* Data:
Content starts

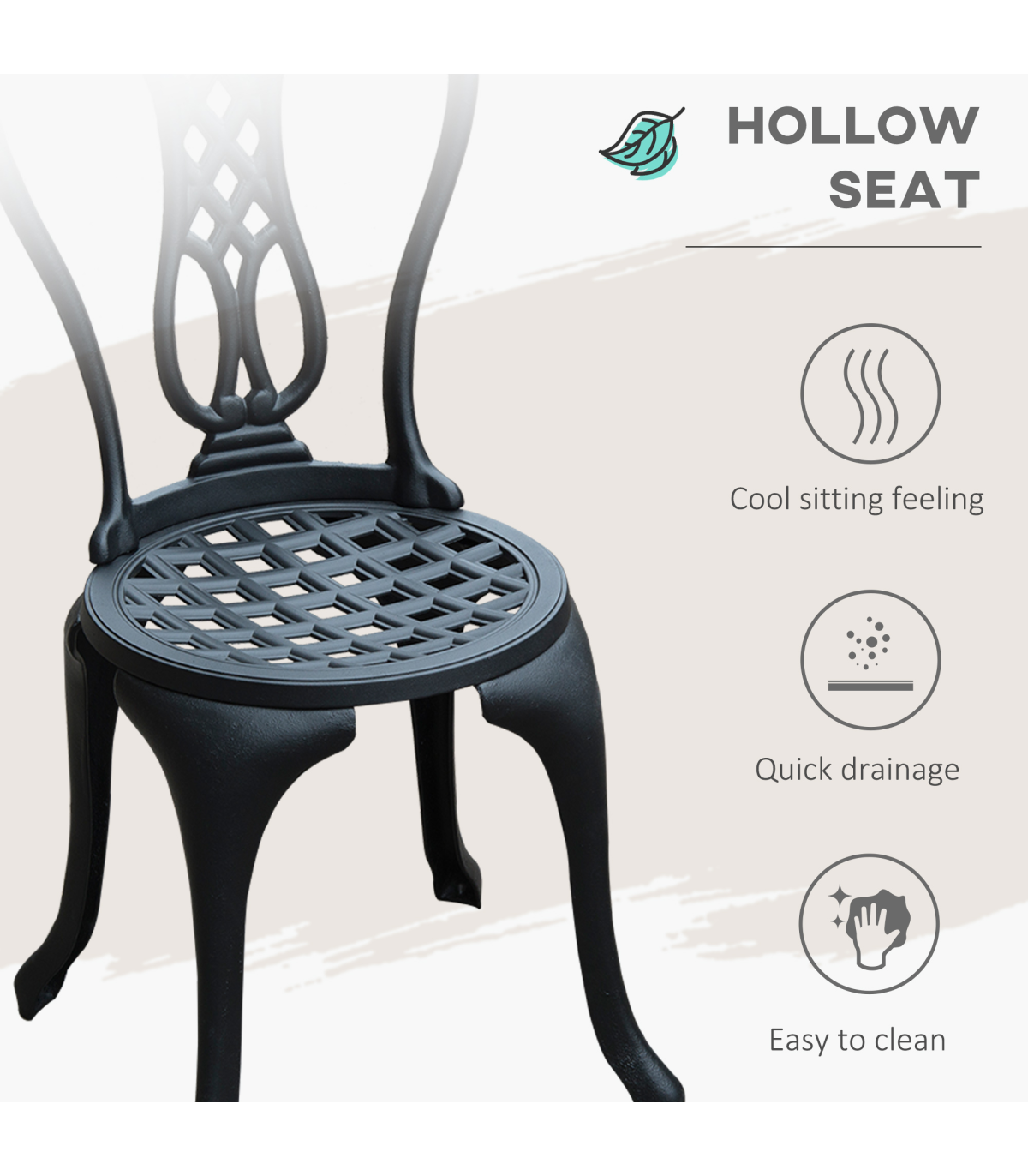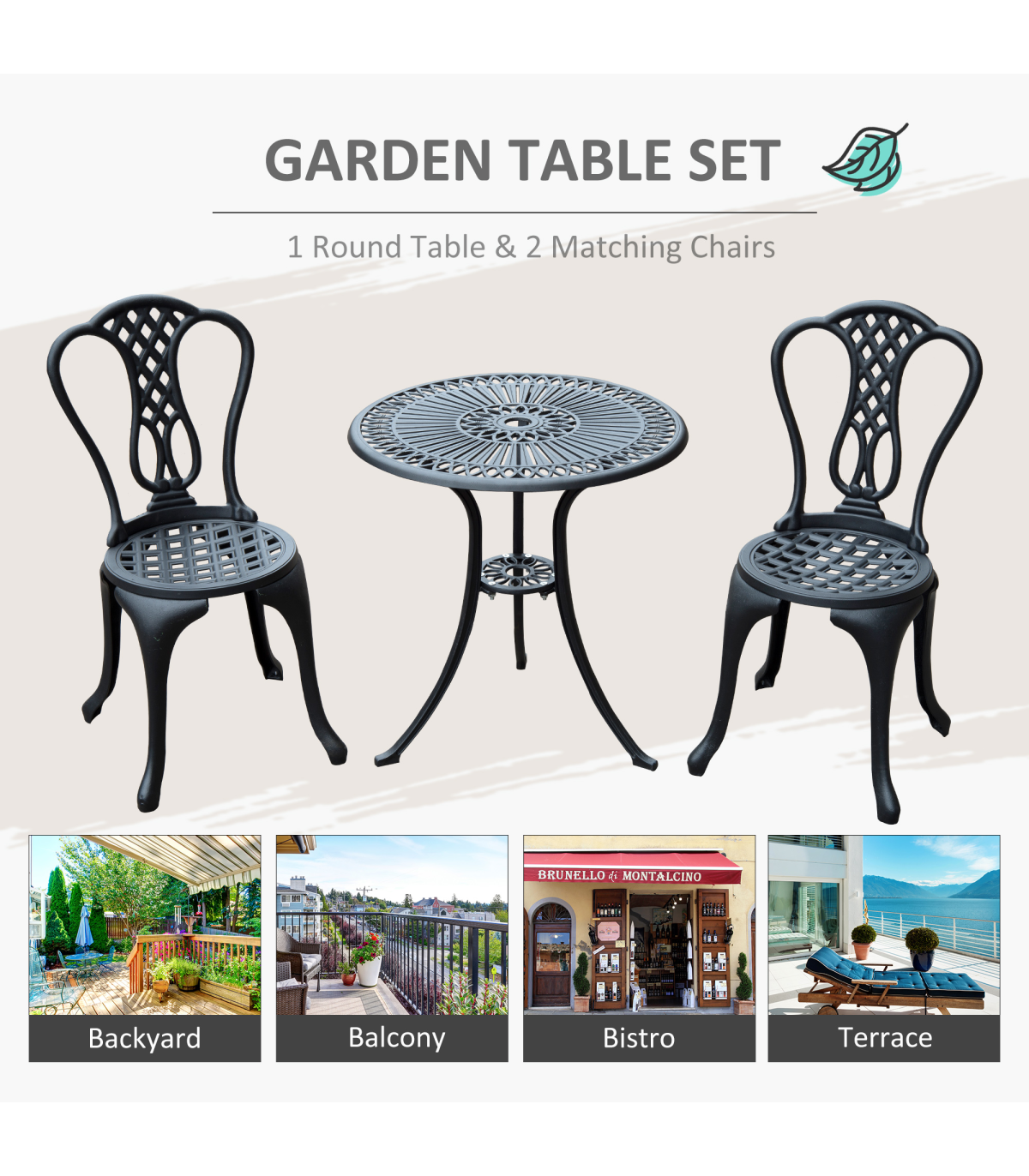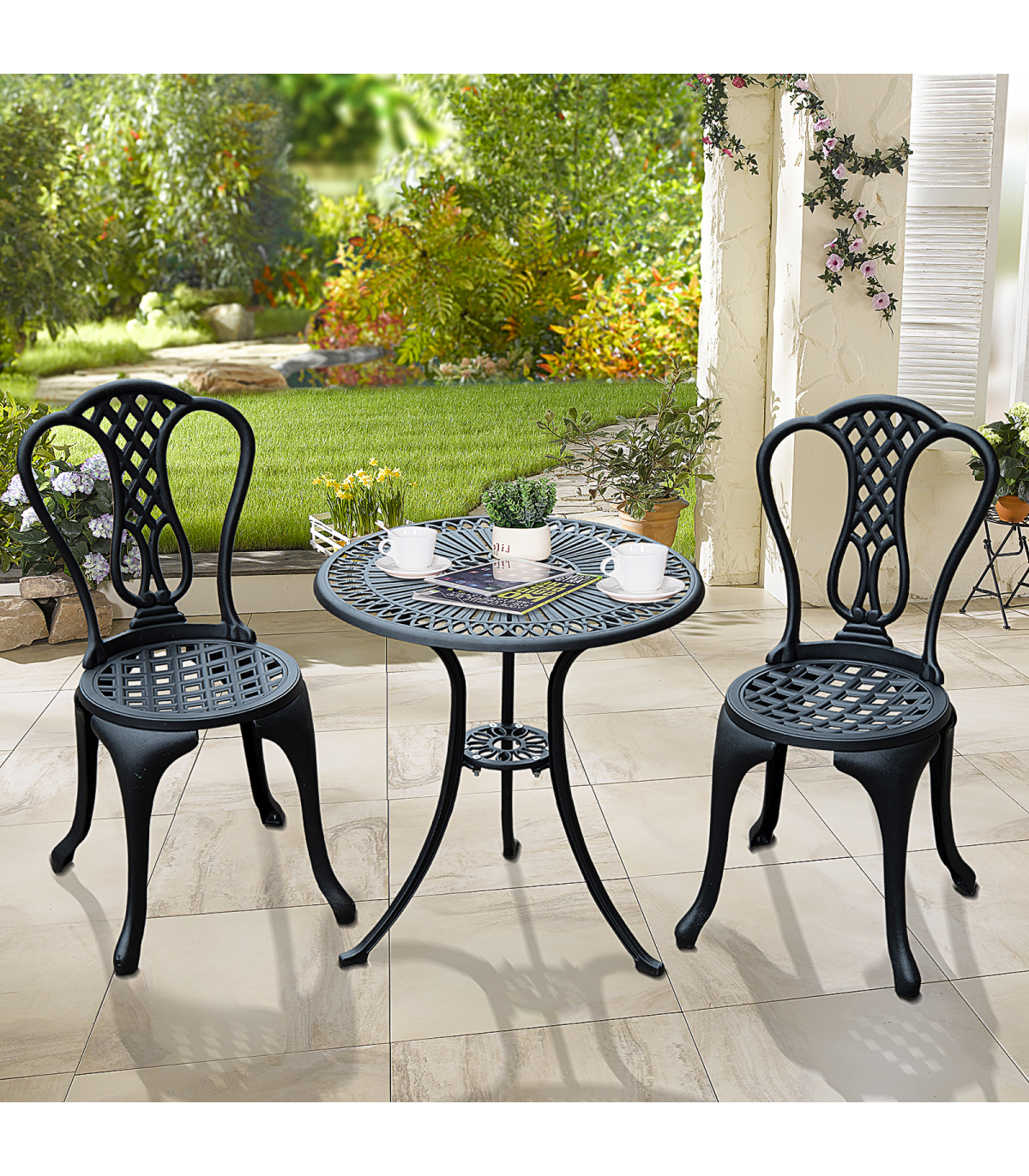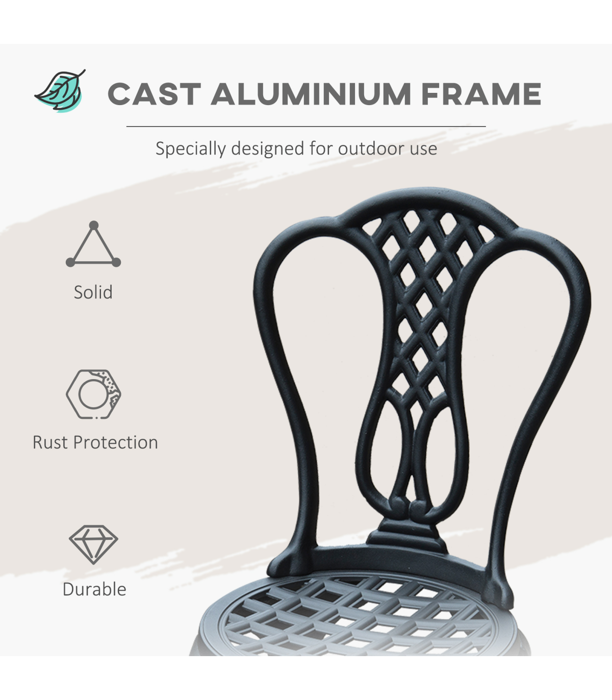 Add some continental elegance to your garden or patio with this stylish and classic bistro set. Including 2 chairs and a matching table, this set is perfect for dining or drinking in the fresh air. Hand crafted from solid cast aluminium and designed in an exceptional shabby chic style, it will enhance your outdoor experience and bring a style to your garden.
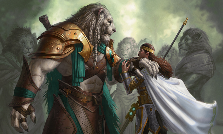 Ajani arrives in the midst of this, reconnecting with his old friend Brimaz, King of Oreskos and seeking out Elspeth with his fellow leonin. Together, Ajani and Elspeth are able to find a way into Nyx to deal with Xenagos, but first Elspeth is required to complete an ordeal. She chooses one from Erebos, God of the Dead, asking the god to revive her love Daxos. In the god realm of Nyx, the pair confront Xenagos, God of Revels, and Elspeth slays him with Godsend.
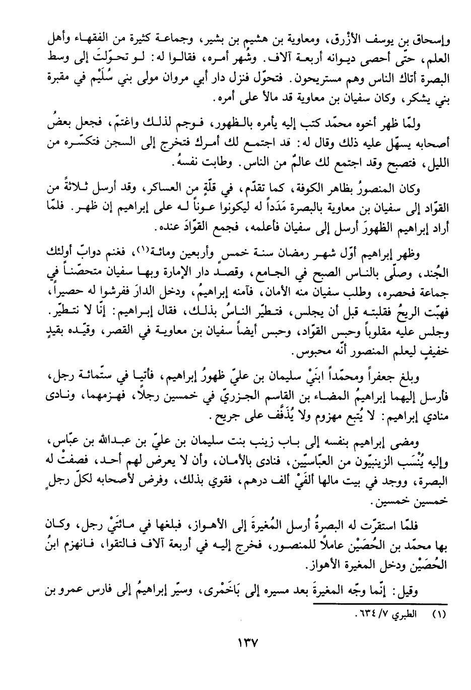 وَبَلَغَ جَعْفَرًا وَمُحَمَّدًا ابْنَيْ سُلَيْمَانَ بْنِ عَلِيٍّ ظُهُورُ إِبْرَاهِيمَ، فَأَتَيَا فِي سِتِّمِائَةِ رَجُلٍ، فَأَرْسَلَ إِلَيْهِمَا إِبْرَاهِيمُ الْمَضَاءَ بْنَ الْقَاسِمِ الْجَزَرِيَّ فِي خَمْسِينَ رَجُلًا، فَهَزَمَهُمَا، وَنَادَى مُنَادِي إِبْرَاهِيمَ: لَا يُتْبَعُ مَهْزُومٌ وَلَا يُذَفَّفُ عَلَى جَرِيحٍ.
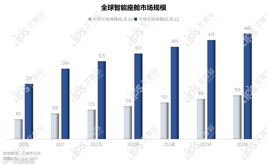智能座舱是智能汽车的重要标志,据ICVTAnK数据显示,全球智能座舱2022年的市场规模为

Content ends

* Exercise requirements: Please retype all of the material exactly, skipping whatever images it holds.

* Response to the exercise:
 Add some continental elegance to your garden or patio with this stylish and classic bistro set. Including 2 chairs and a matching table, this set is perfect for dining or drinking in the fresh air. Hand crafted from solid cast aluminium and designed in an exceptional shabby chic style, it will enhance your outdoor experience and bring a style to your garden.
 Ajani arrives in the midst of this, reconnecting with his old friend Brimaz, King of Oreskos and seeking out Elspeth with his fellow leonin. Together, Ajani and Elspeth are able to find a way into Nyx to deal with Xenagos, but first Elspeth is required to complete an ordeal. She chooses one from Erebos, God of the Dead, asking the god to revive her love Daxos. In the god realm of Nyx, the pair confront Xenagos, God of Revels, and Elspeth slays him with Godsend.
 وَبَلَغَ جَعْفَرًا وَمُحَمَّدًا ابْنَيْ سُلَيْمَانَ بْنِ عَلِيٍّ ظُهُورُ إِبْرَاهِيمَ، فَأَتَيَا فِي سِتِّمِائَةِ رَجُلٍ، فَأَرْسَلَ إِلَيْهِمَا إِبْرَاهِيمُ الْمَضَاءَ بْنَ الْقَاسِمِ الْجَزَرِيَّ فِي خَمْسِينَ رَجُلًا، فَهَزَمَهُمَا، وَنَادَى مُنَادِي إِبْرَاهِيمَ: لَا يُتْبَعُ مَهْزُومٌ وَلَا يُذَفَّفُ عَلَى جَرِيحٍ.
智能座舱是智能汽车的重要标志,据ICVTAnK数据显示,全球智能座舱2022年的市场规模为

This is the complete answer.